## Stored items
=====

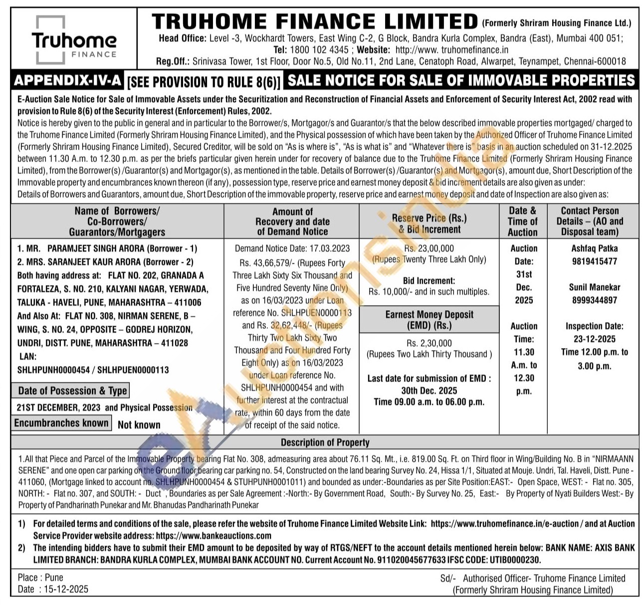 1.All that Piece and Parcel of the Immovable Property bearing Flat No. 308, admeasuring area about 76.11 Sq. Mt., i.e. 819.00 Sq. Ft. on Third floor in Wing/Building No. B in "NIRMAANN SERENE" and one open car parking on the Ground floor bearing car parking no. 54, Constructed on the land bearing Survey No. 24, Hissa 1/1, Situated at Mouje. Undri, Tal. Haveli, Distt. Pune -411060, (Mortgage linked to account no. SHLHPUNH0000454 & STUHPUNH0001011) and bounded as under:-Boundaries as per Site Position: EAST: Open Space, WEST: Flat no. 305, NORTH: Flat no. 307, and SOUTH: Duct, Boundaries as per Sale Agreement:-North:- By Government Road, South:- By Survey No. 25, East: By Property of Nyati Builders West:- By Property of Pandharinath Punekar and Mr. Bhanudas Pandharinath Punekar
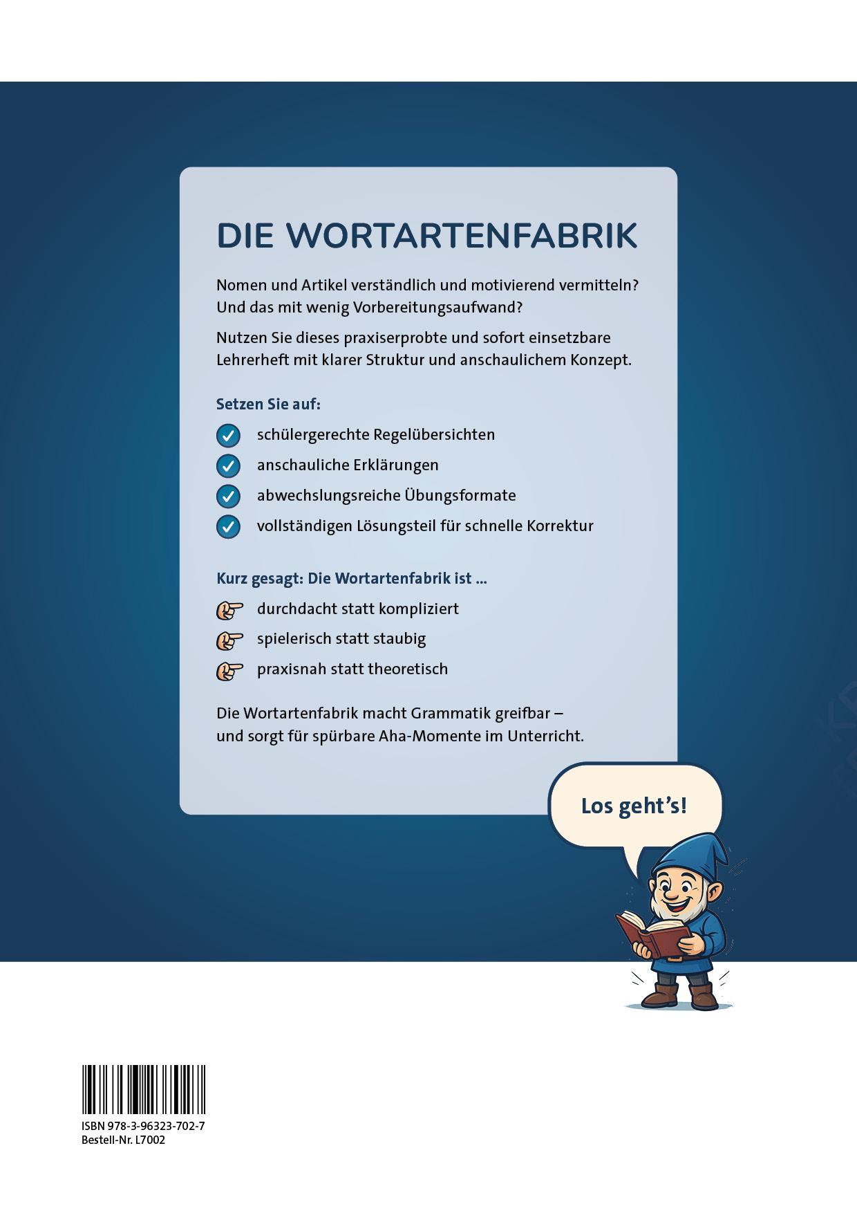 Aufgrund seiner klaren Systematik ist das Heft sowohl für die Themeneinführung als auch für die Wiederholung und Festigung der Wortarten Nomen und Artikel im Deutschunterricht der Sekundarstufe I bestens geeignet. Es enthält umfassende Sachinformationen für Lehrkräfte, schülerfreundliche Regelübersichten, abwechslungsreiche Übungen und einen vollständigen Lösungsteil, wodurch ein punktgenauer und flexibler Einsatz im Unterricht ermöglicht wird.
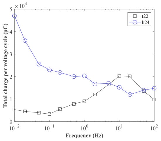 Total charge per voltage cycle of variable-frequency Phase Resolved PD Analysis (VF-PRPDA) measurements on two aged stator bars (epoxy-mica insulation) from a hydro-power generator; t22, b24 refer to Micapact insulation, where t means the half-coil from the top of the slot and b denotes it from the bottom of the slot. Reproduced from [].
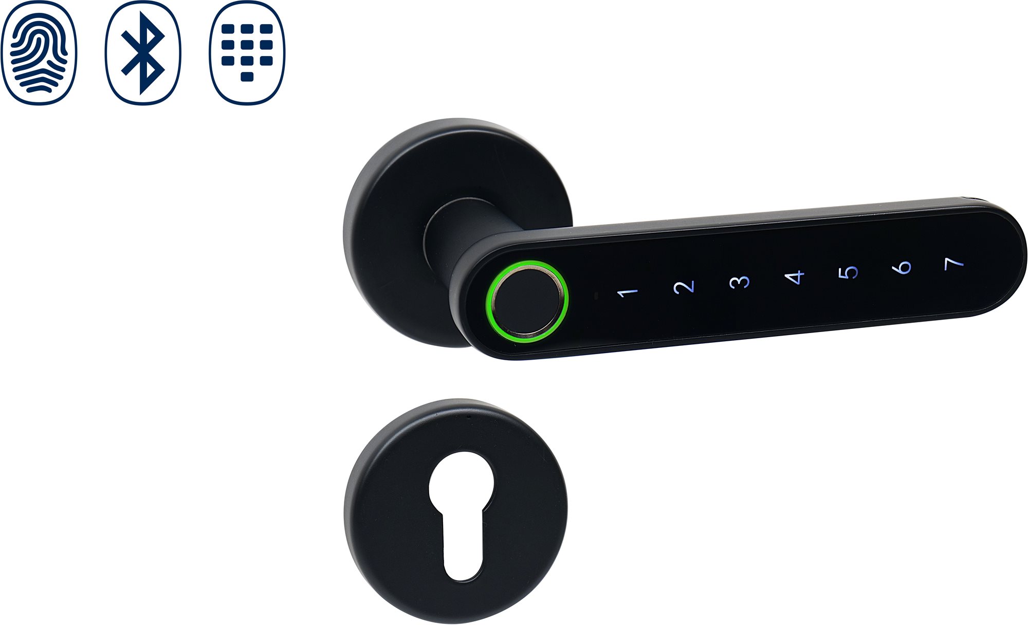 Kovanie na dvere – bezpečnostné, rozetové, okrúhla rozeta, vo vyhotovení kľučka – kľučka, vnútorné, na pravé dvere a ľavé dvere, materiál oceľ, na hrúbku dverí od 38 do 58 mm, matný povrch, čierna farba, čítačka odtlačkov prstov, klávesnica na vloženie PIN, zdieľanie prístupu, odomykanie pomocou Bluetooth a monitoring, podporuje Android a iOS, pripojenie cez bluetooth Inteligentná kľučka Smart Touch Handle H.03 je ideálna na zabezpečenie kancelárií, zasadacích miestností či skladov. Zo svojej vnútornej strany je kľučka vždy aktívna, zatiaľ čo z vonkajšej sa
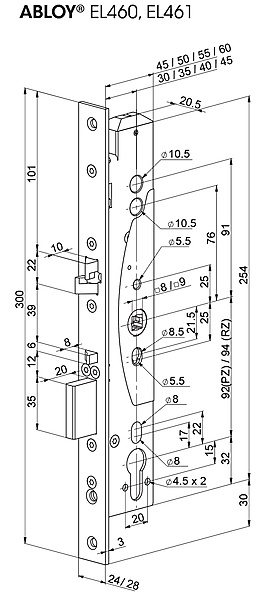 AssaAbloy EL460 Paniekdeurslot enkelzijdig krukgestuurd met PC-uitsparing. Solenoid zelfvergrendelend antipaniekslot EL460.
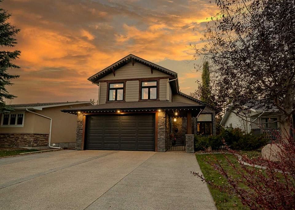 Immaculate 1 1/2 storey in the sought-after Mountview area. Close to schools and the Waskasoo recreation & trail system. This home offers luxury modern amenities and privacy. Fully developed with a gorgeous kitchen with plenty of alder cabinets, quartz countertops, eating bar, wall oven, built-in cooktop and stainless steel appliances. Dining area is a large size, big enough to fit a family-size table and a gas fireplace with a rustic log mantle & custom bookshelves on both sides & patio doors to a covered deck for outdoor cooking, a lower patio space and a pergola that surrounds the hot tub. Custom shed with lots of storage. This is all surrounded by numerous mature trees and beautiful outdoor lighting, custom concrete work in the private front patio area and back has been updated as well. Main floor laundry with cupboards and coat hooks/ cubbies for extra storage. Another 2pc bathroom is on the main floor. The updates continue throughout the home. Upstairs has 2 large bedrooms with walk-in closets and custom shelving, a 4pc bath with heated tile floor & quartz counters with a soaker tub. The primary bedroom is king sized with garden doors to its private maintenance-free deck, a walk in closet, spa-like ensuite with custom tiled shower, sun tunnel for extra natural lighting, a built-in armoire closet, dual vanities & heated tile floor. The basement is fully developed with a large family room with surround sound & a gas fireplace, a workout room , and a 3pc bath with heated tile floor. More upgrades include, heated garage with storage cupboards, HE furnace & hot water tank, Pure Air Purification System, solid wood doors, custom window coverings (including remote control), Gemstone lighting, new maintenance-free eavestroughs, Hardie Board siding, beautiful stone work and a custom wrought iron gate in the front. A Must See !
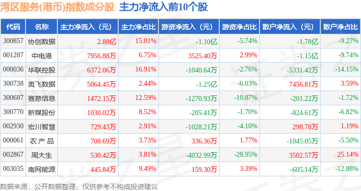 资金流向方面,湾区服务(港币)(980012)指数成份股当日主力资金净流出合计12.23亿元,游资资金净流出合计3712.36万元,散户资金净流入合计12.6亿元。成份股资金流向详情见下表:
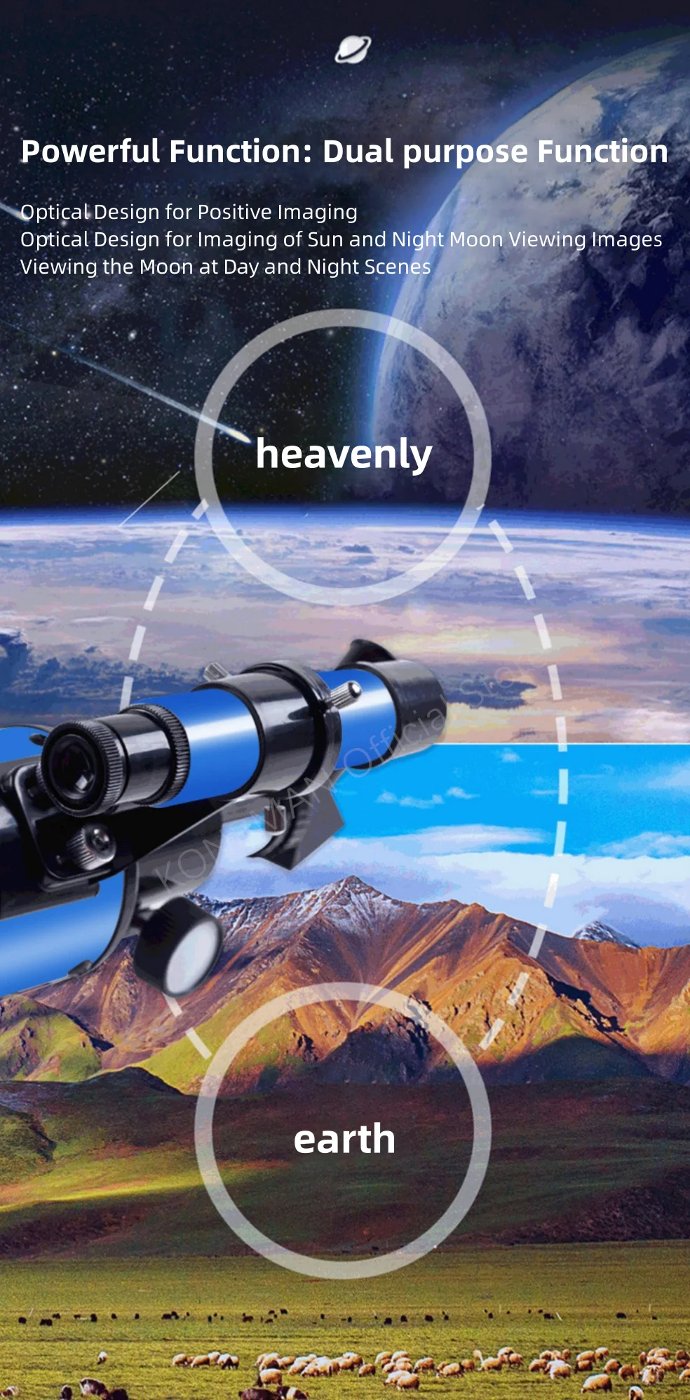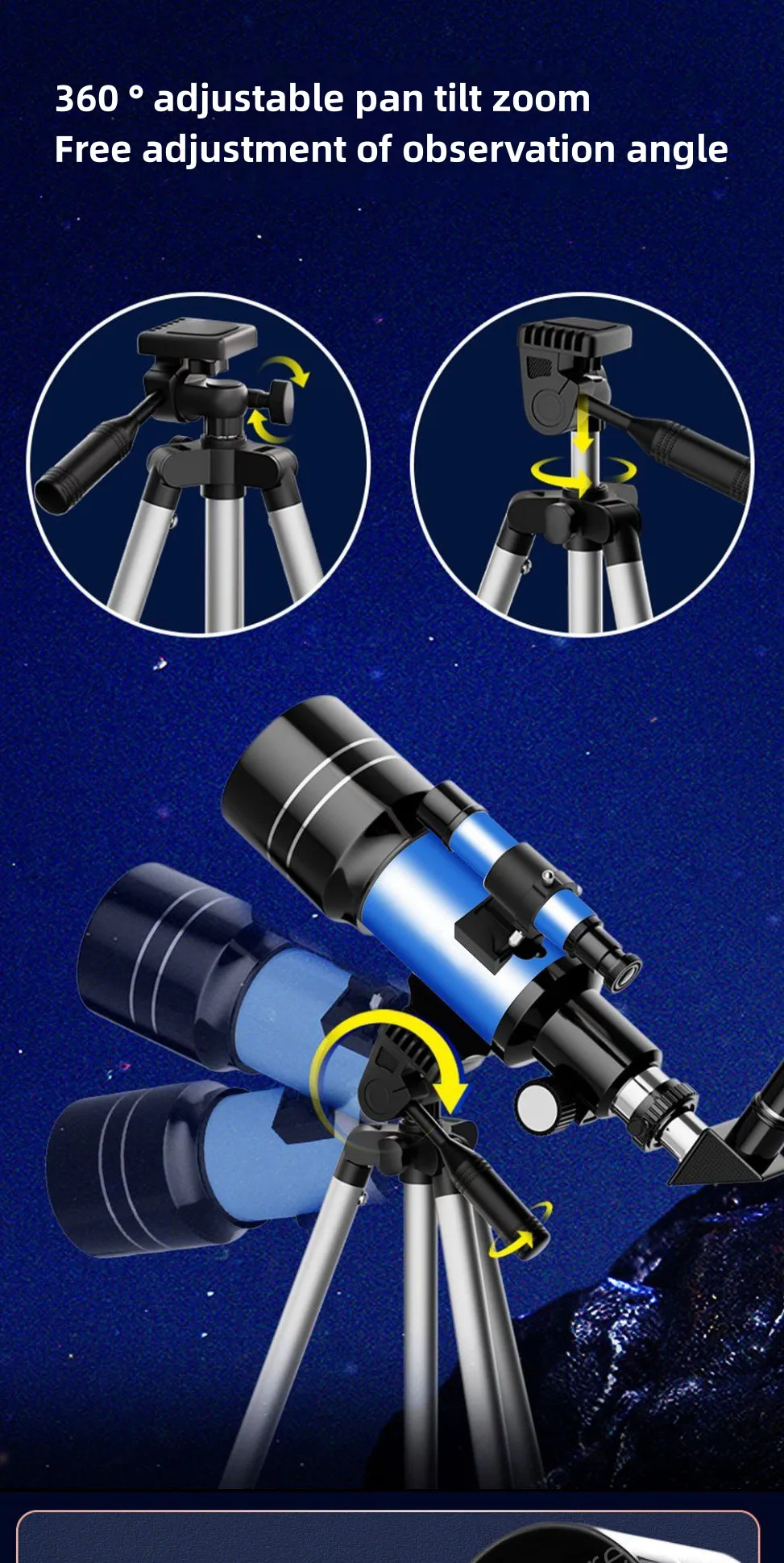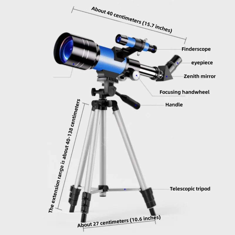 - > Telescópio refrativo de abertura de 70mm para adultos e crianças Telescópio portátil para iniciantes em astronomia Telescópio de viagem

=====

## Exercise
Look above for the line with "Kovanie na dvere" and the line with "AssaAbloy EL460 Paniekdeurslot", then copy them and all lines in between exactly as written, and only those, without any pictures.

## Your response
 Kovanie na dvere – bezpečnostné, rozetové, okrúhla rozeta, vo vyhotovení kľučka – kľučka, vnútorné, na pravé dvere a ľavé dvere, materiál oceľ, na hrúbku dverí od 38 do 58 mm, matný povrch, čierna farba, čítačka odtlačkov prstov, klávesnica na vloženie PIN, zdieľanie prístupu, odomykanie pomocou Bluetooth a monitoring, podporuje Android a iOS, pripojenie cez bluetooth Inteligentná kľučka Smart Touch Handle H.03 je ideálna na zabezpečenie kancelárií, zasadacích miestností či skladov. Zo svojej vnútornej strany je kľučka vždy aktívna, zatiaľ čo z vonkajšej sa
 AssaAbloy EL460 Paniekdeurslot enkelzijdig krukgestuurd met PC-uitsparing. Solenoid zelfvergrendelend antipaniekslot EL460.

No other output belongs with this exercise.